Effect of Text Processing Steps on Twitter Sentiment Classification using Word Embedding
This work addresses the need for domain-specific text processing in sentiment analysis for social media applications, though it is incremental in refining existing methods.
The paper tackled the problem of optimizing text processing steps for Twitter sentiment classification, finding that common steps like stop word removal and averaging word vectors negatively affect performance, and proposed new steps that achieved an average AUC of 88.4 on 14,640 tweets.

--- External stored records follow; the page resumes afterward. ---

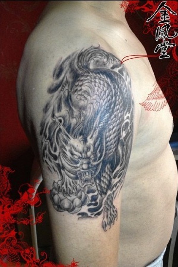 龙纹身手稿_一组老传统黑灰龙手稿纹身图案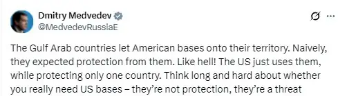 Страны Персидского залива разместили на своей территории американские базы, рассчитывая на защиту. Но на деле всё иначе: США используют их, прикрываясь и защищая лишь одну страну. Хорошенько подумайте: нужны ли вам вообще американские базы - это не защита, а угроза.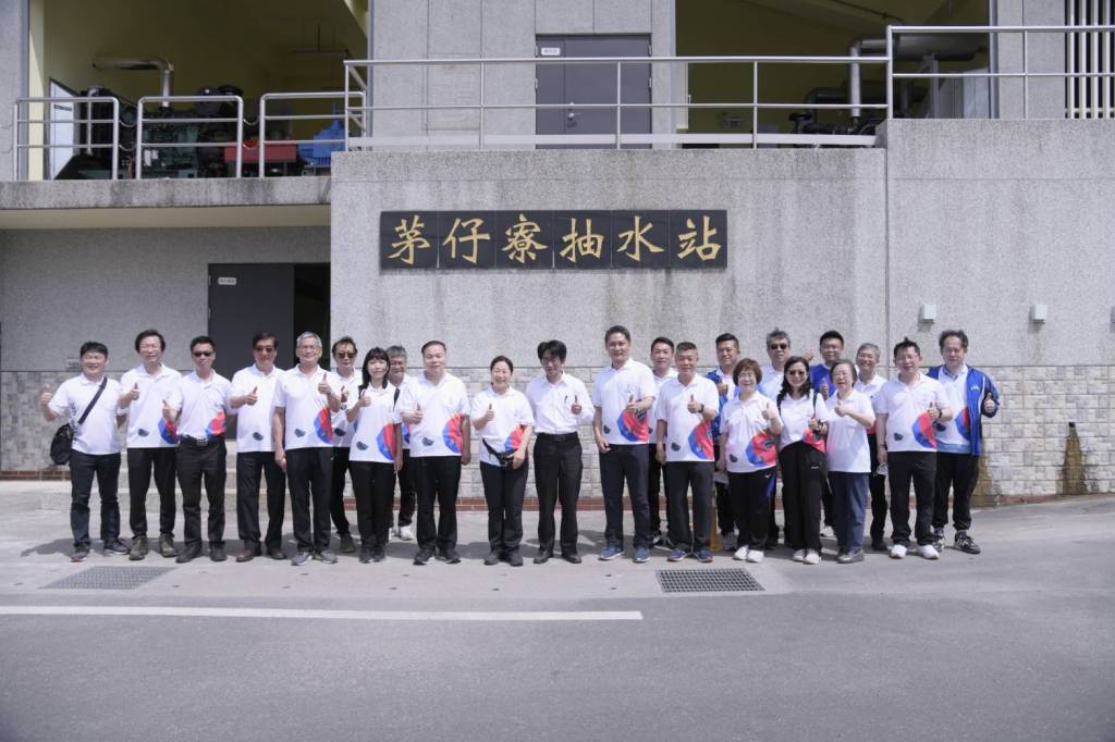 徐縣長一行人隨後到達五結茅仔寮抽水站,宜蘭縣政府水利資源處長李岳儒介紹抽水站設施,邀請徐榛蔚縣長啟動抽水機按鈕,到排水口實地觀看排水狀況,並在祈福卡上簽名,祈求兩縣風調雨順、闔境平安。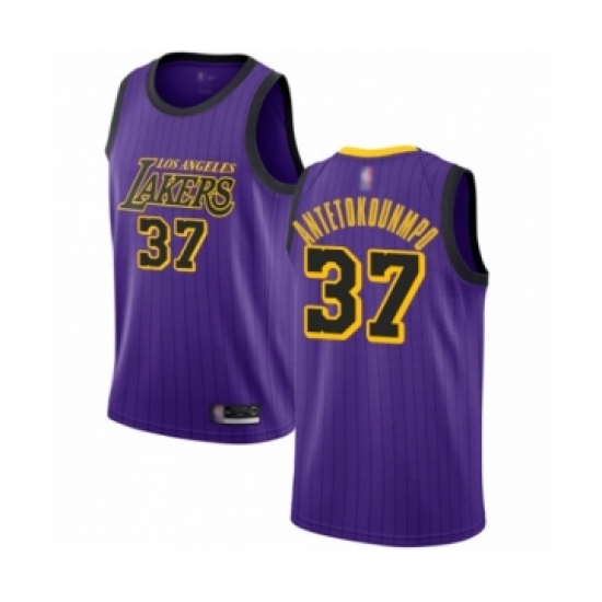 >Men's Los Angeles Lakers #37 Kostas Antetokounmpo Authentic Purple Basketball Jersey - City Edition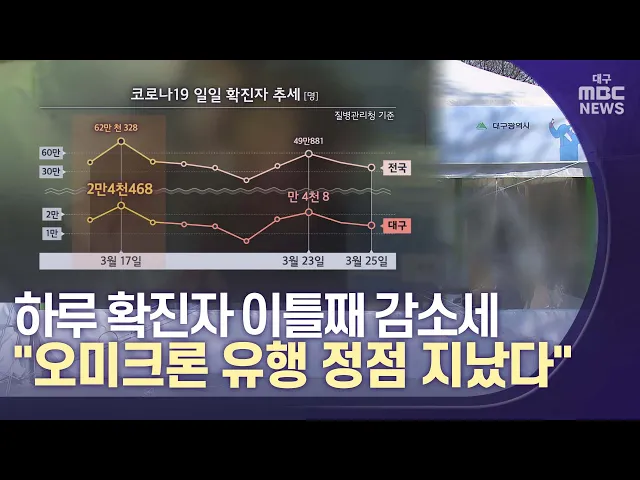 ◀앵커▶대구·경북에서 각각 만 5천 명 안팎의 확진자가 나오면서 이틀째 감소세를 보였습니다. 국내 누적 확진자는 천 백만 명을 넘었습니다.전체 인구의 20%, 5명 중 1명 넘게 감염된 건데요,정부는 오미크론 유행이 정점을 지났다고 조심스럽게 예측했습니다.손은민 기자입니다. ◀기자▶대구의 신규 확진자는 전날보다 천 ...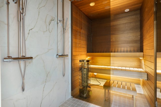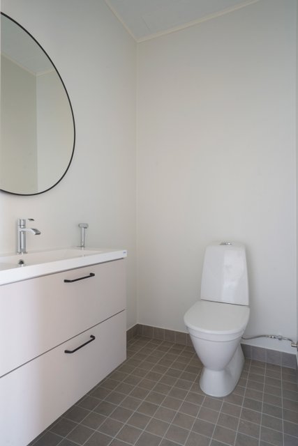 - Suihku, suihkuseinä, lattialämmitys, wc-istuin, pesuallas, ja allaskaappi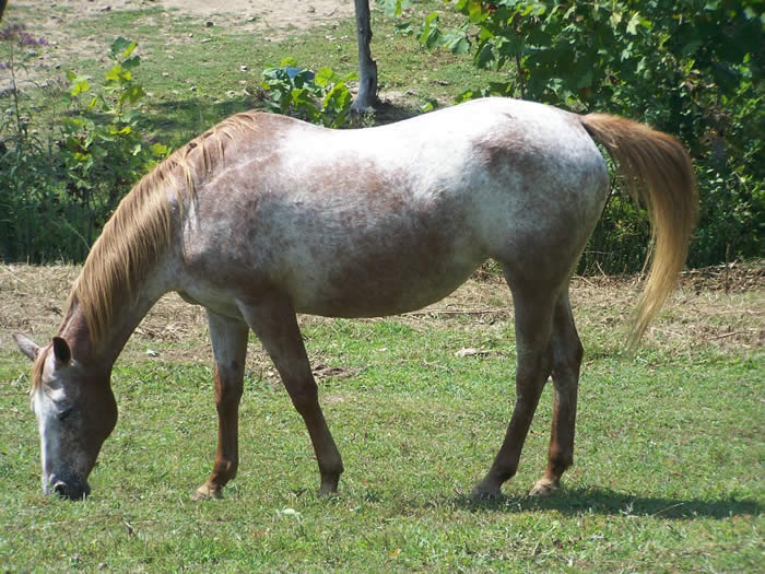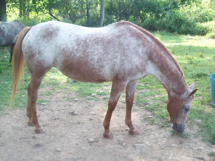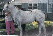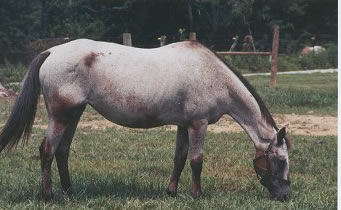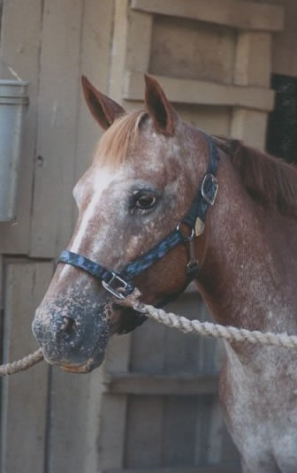 HIDDEN WATER APPALOOSAS Prince's Clay Mist Chesnut Roan with spots Foaled 1990 Registration # 507387 |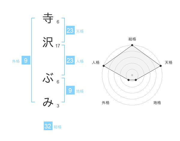 寺沢 ぶみさんを姓名の画数から五運を鑑定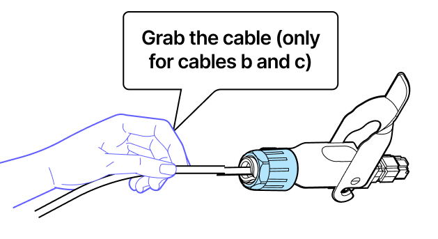 Commencez par l’un des connecteurs fibre (capuchon bleu). Pour les connecteurs DC (jaune) et RJ45 (noir), il est important de pousser depuis le câble, et NON depuis le boîtier en plastique.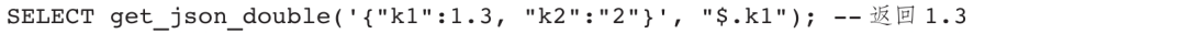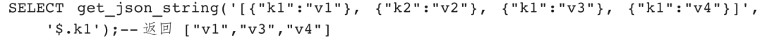 get_json_double()、get_json_int()、get_json_string()函数可分别提取JSON字符串内指定路径的数值、整型、字符串内容。json_path必须以“$”符号开头,以“.”为分割符,如果路径中包含“.”,使用双引号包围起来。“[]”表示数组下标(从0开始)。路径中不能包含"、[、]。如果json_string格式不对,或json_path格式不对,或无法找到匹配项,返回NULL。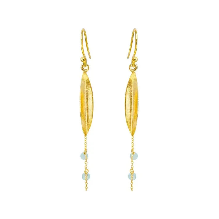 Fine øreringe i forgyldt sølv med blad, kæde og amazonit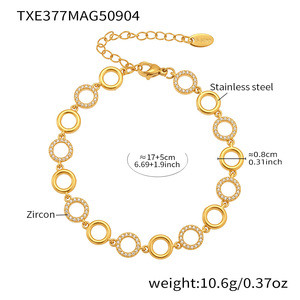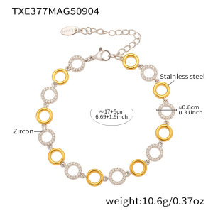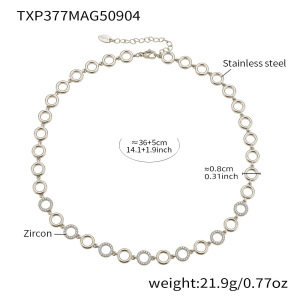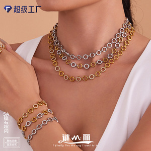 谜丽不锈钢圆圈镶锆石手链项链套装欧美时尚轻奢百搭夸张珠宝首饰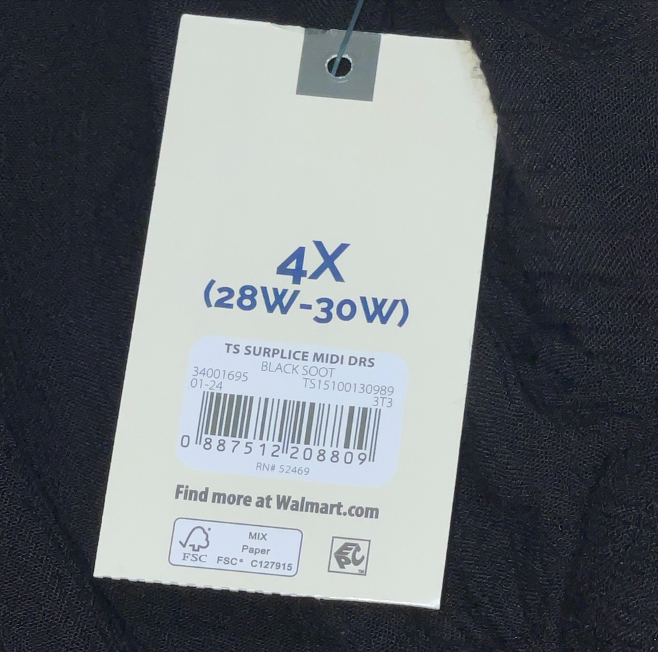 New With Tags Women´s Terra & Sky Surplice Midi Dress Plus Size 4X Black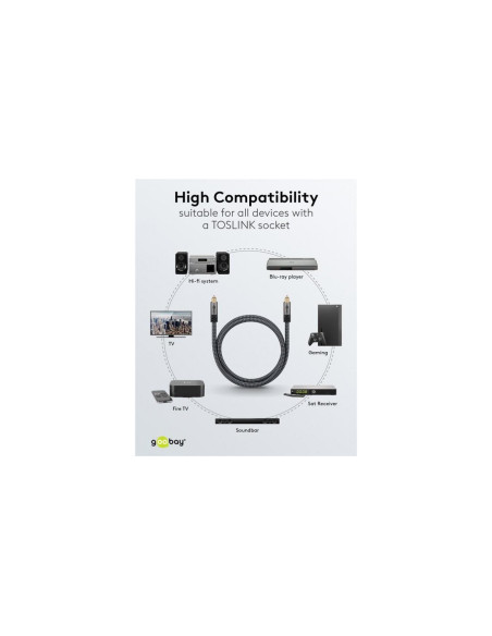 Seria Goobay Plus z wtyczkami w smukłej, eleganckiej metalowej obudowie w kolorze Sharkskin Grey. Optyczny kabel TOSLINK zapewnia superszybką transmisję sygnałów audio całkowicie bez zakłóceń - dla absolutnie synchronicznej reprodukcji dźwięku i obrazu za pośrednictwem systemów kina domowego.

Processing of raw text is the crucial first step in text classification and sentiment analysis. However, text processing steps are often performed using off-the-shelf routines and pre-built word dictionaries without optimizing for domain, application, and context. This paper investigates the effect of seven text processing scenarios on a particular text domain (Twitter) and application (sentiment classification). Skip gram-based word embeddings are developed to include Twitter colloquial words, emojis, and hashtag keywords that are often removed for being unavailable in conventional literature corpora. Our experiments reveal negative effects on sentiment classification of two common text processing steps: 1) stop word removal and 2) averaging of word vectors to represent individual tweets. New effective steps for 1) including non-ASCII emoji characters, 2) measuring word importance from word embedding, 3) aggregating word vectors into a tweet embedding, and 4) developing linearly separable feature space have been proposed to optimize the sentiment classification pipeline. The best combination of text processing steps yields the highest average area under the curve (AUC) of 88.4 (+/-0.4) in classifying 14,640 tweets with three sentiment labels. Word selection from context-driven word embedding reveals that only the ten most important words in Tweets cumulatively yield over 98% of the maximum accuracy. Results demonstrate a means for data-driven selection of important words in tweet classification as opposed to using pre-built word dictionaries. The proposed tweet embedding is robust to and alleviates the need for several text processing steps.